Martha Brown, Sir Jonathan North Girls’ College

When was the last time you heard someone use ‘woke’ for anything but an insult? The adjective
woke originated in African American English, gaining more widespread use in 2014 as part of the
Black Lives Matter movement. Until recently, the word has merely meant being awake to injustice
and inequality in society. However, within the last few years, woke seems to have taken on a new

In a recent tribute, Britain’s Got Talent judge Amanda Holden claimed that the late Paul O’Grady
“was not woke in any way”, adding “I love people like that.” This sparked criticism, with one twitter
user commenting “Either @AmandaHolden has no idea what ‘woke’ means, or she has no idea who
Paul O’Grady was.” Paul himself was a queer activist, anti-austerity campaigner, and an advocator
for ending stigma around AIDS. In other words, practically the definition of woke.

Holden is not alone. According to YouGov, 59% of people in Britain are unaware of what woke
means. Of the remaining 41%, only 3 in 10 consider themselves to be woke. Furthermore, 23%
believe that being woke is a positive thing, 33% see it as neither good nor bad, and 37% consider
being ‘woke’ to be a bad thing.

Recently, in response to Bud Light signing up trans influencer Dylan Mulvaney to promote the brand,
a conservative-leaning group known as Consumers’ Research have taken contempt for all things
woke one step further, creating a system that allows users to receive ‘woke alerts’, warning them
about companies that the creators deem ‘too far-left’ in their marketing.

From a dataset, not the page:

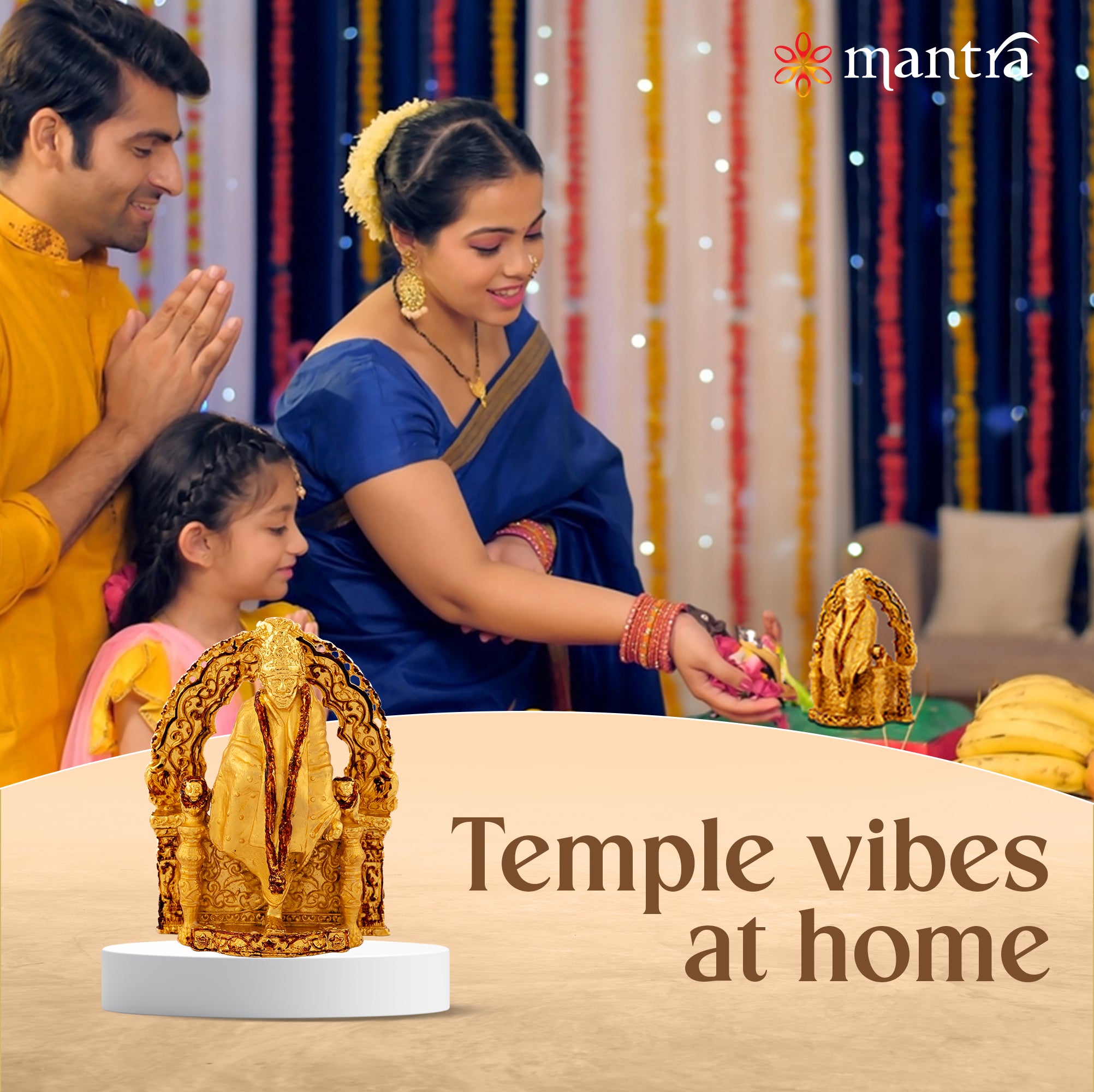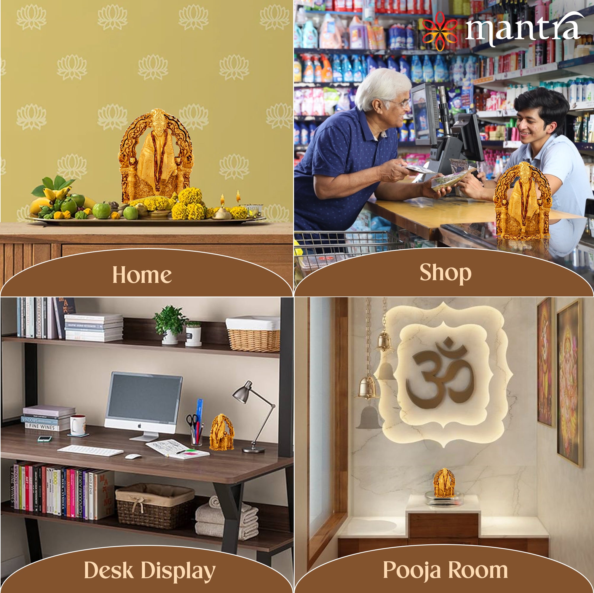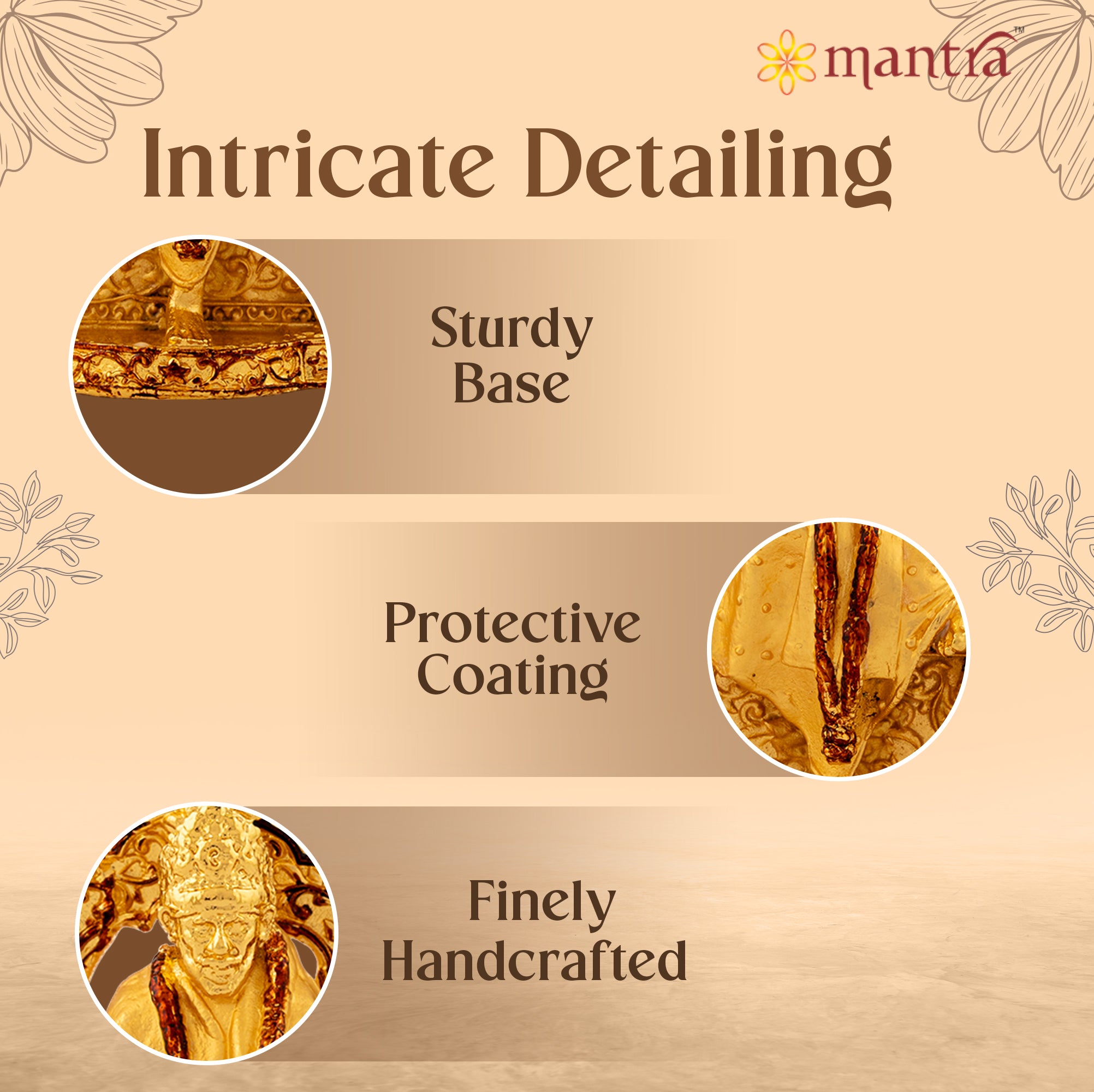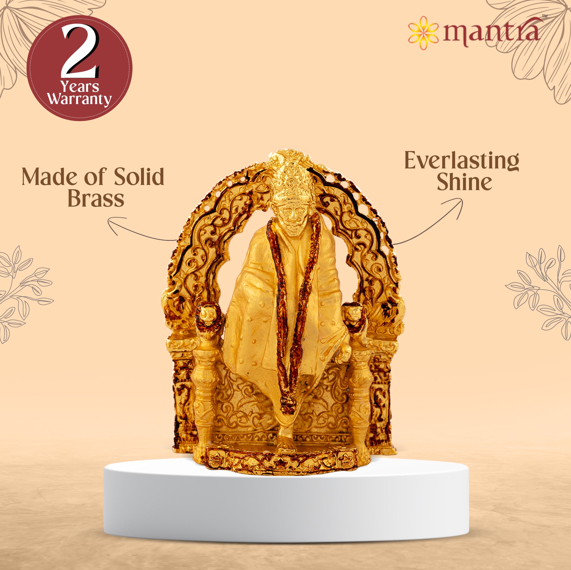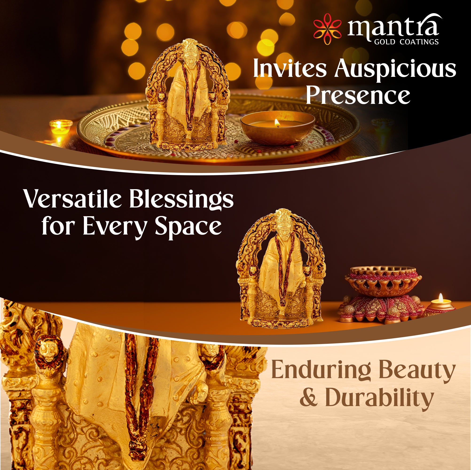 Peace & Protection: Experience long lasting elegance with Mantra’s Saibaba Idol made of solid copper metal and Gold antique finish is to prevent oxidation and dirt deposition.

Executive Director Will Hild
claims that the alerts will “help consumers make better informed decisions about where to spend
their money.” According to Axios, Consumers’ Research is spending a whopping six figures to
promote their text alert system to the public.

In contrast, there are some who believe that ‘woke culture’ is nothing worth grumbling about. For
instance, in an episode of her documentary series Kathy Burke: Growing Up, actor and comedian
Kathy Burke laments the way that the word woke is used to ridicule those that advocate for equality
and change. She observes “They’re calling you ‘woke’ if you call out bad things, basically. If you’re
not racist, you’re woke. If you’re not homophobic, oh you’re woke.’ Additionally, she urges young
people to “Be woke, kids. Be woke. Be wide awake and f***ing call it out.”

For centuries, older generations have mocked their younger counterparts for their opinions and
behaviours, take for example, a quote from Aristotle, written in fourth century BC about the young
people of the time, “They think they know everything, and are always quite sure about it.”

Therefore, it’s unsurprising that a word that is so often used when referring to young people has
been diabolised. However, my hope is that woke, now a buzzword, weaponised alongside phrases
like ‘social justice warrior’ or ‘snowflake,’ can be reclaimed, returning to what it once was, a label
worn proudly by the people that it described.